Friday night at the home drive-in: I Was a Teenage Werewolf (1957)

Poster for I Was a Teenage Werewolf (1957)I Was a Teenage Werewolf (1957) by #GeneFowlerJr

w/#MichaelLandon #YvonneLime #WhitBissell

A hypnotherapist transforms a temperamental teenager into a #werewolf.

“The most amazing motion picture of our time!”

“It’s not for man to interfere in the ways of God.”

#Horror #SciFi

I Was a Teenage Werewolf (1957) is one of the most famous B-movies, teen movies, and werewolf movies in the history of cinema – or at least it is to me. Even as a kid, I knew about this movie. I’d heard about it, read about it, and seen pictures from it in books and magazines. Of course I’d never SEEN it, but that’s the way it was back then. No internet, no video stores – only late night TV could possibly give me an opportunity to experience this movie, and that just never quite happened. 

I was probably an adult by the time I finally got to see it, and I think I was just a little bit disappointed that first time. It was good, but not as good as some of the other, similar movies I’d seen over the years. For some reason I was partial to Blood of Dracula (1957), as I may have mentioned a few weeks ago…

Don’t get me wrong. I liked I Was a Teenage Werewolf back then, and I like it even more now. But I think if there’s one thing wrong with it, it’s that the main character, Tony Rivers played by Michael Landon, is a tad unsympathetic at the beginning of the movie. He seems like an ill-tempered jerk, to be honest. And looking at it with modern eyes, he seems like the kind of guy who’s destined to beat his girlfriend in the future, after she becomes his wife.
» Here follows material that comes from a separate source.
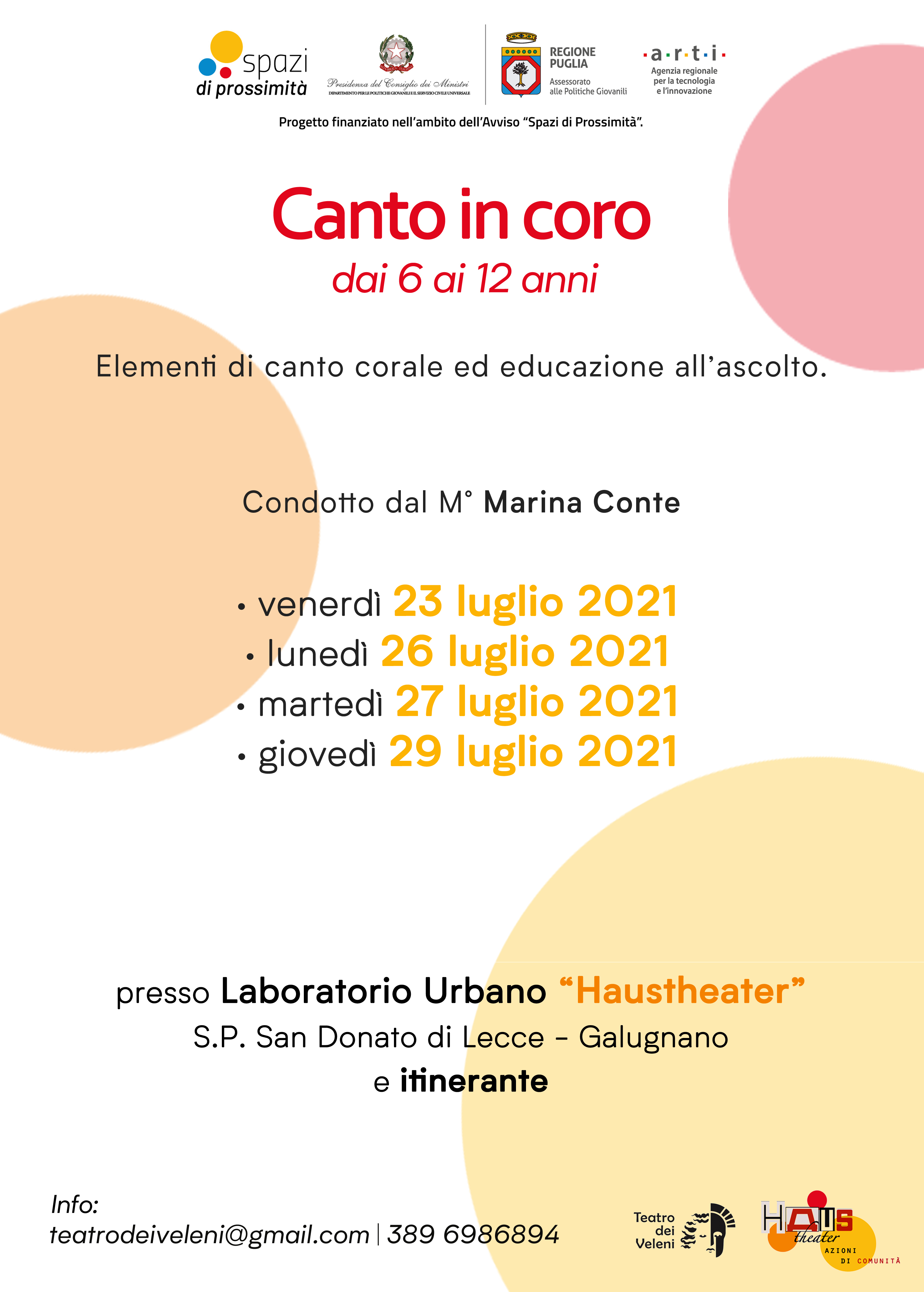 Oggi ha ufficialmente inizio “Canto in Coro”, attività prevista dal progetto “Haustheater – Azioni di Comunità” a cura della Soc. Coop. Teatro dei Veleni, finanziato nell’ambito dell’Avviso pubblico Spazi di Prossimità.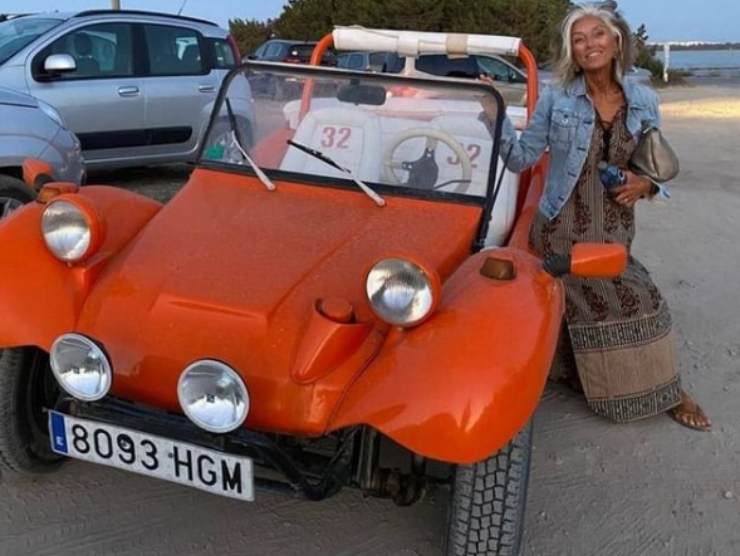 Come vedrete dalla foto, Paola Marella è in compagnia della sua dune buggy, probabilmente affittata proprio a Formentera. E quale migliore mezzo per muoversi sulla sabbia dell’isola spagnola, visto che la dune buggy è stata concepita proprio per questo.

He becomes violent at the slightest provocation – which apparently makes him the perfect candidate for a mad doctor’s experiments. 

The mad doctor, Alfred Brandon, is played by Whit Bissell (who has one of the greatest names in the history of actors, by the way). Dr Brandon’s theory goes something like this:

“I’m going to TRANSFORM him, and unleash the savage instincts that lie hidden within… and then I’ll be judged the benefactor. Mankind is on the verge of destroying itself. The only hope for the human race is to hurl it back into its primitive norm, to start all over again. What’s one life compared to such a triumph?”

When his assistant, Dr Hugo Wagner played by Joseph Mell, protests, their conversation goes something like this:

Dr Wagner: But you’re sacrificing a human life!

Dr Brandon: Do you cry over a guinea pig? This boy is a free police case. We’re probably saving him from the gas chamber.

Dr Wagner: But the boy is so young, the transformation horrible –

Dr Brandon: And you call yourself a scientist! That’s why you’ve never been more than an assistant.

In case it isn’t clear, these moments are #NotQuiteClassicCinema gold!

Tony’s long suffering girlfriend, Arlene Logan, is played by Yvonne Lime, and I found myself wondering a few times what exactly she sees in him. But then again, the real world is full of guys like Tony. Perhaps under the care of the right doctor, they could all be turned into werewolves…

I Was a Teenage Werewolf (1957) is a legendary example of #NotQuiteClassicCinema. Apparently MIchael Landon even parodied it many years later on his popular TV series Highway to Heaven (1984-1989). The episode was called I Was A Middle Aged Werewolf and can be found on YouTube for those who are curious. While I would never call I Was a Teenage Werewolf one of my favourite B-movies, or teen movies – or monster movies of the late 1950s – it’s still a lot of fun, and it’s an important piece of pop culture that should be screened by every film fan at least once on a #FridayNightAtTheHomeDriveIn.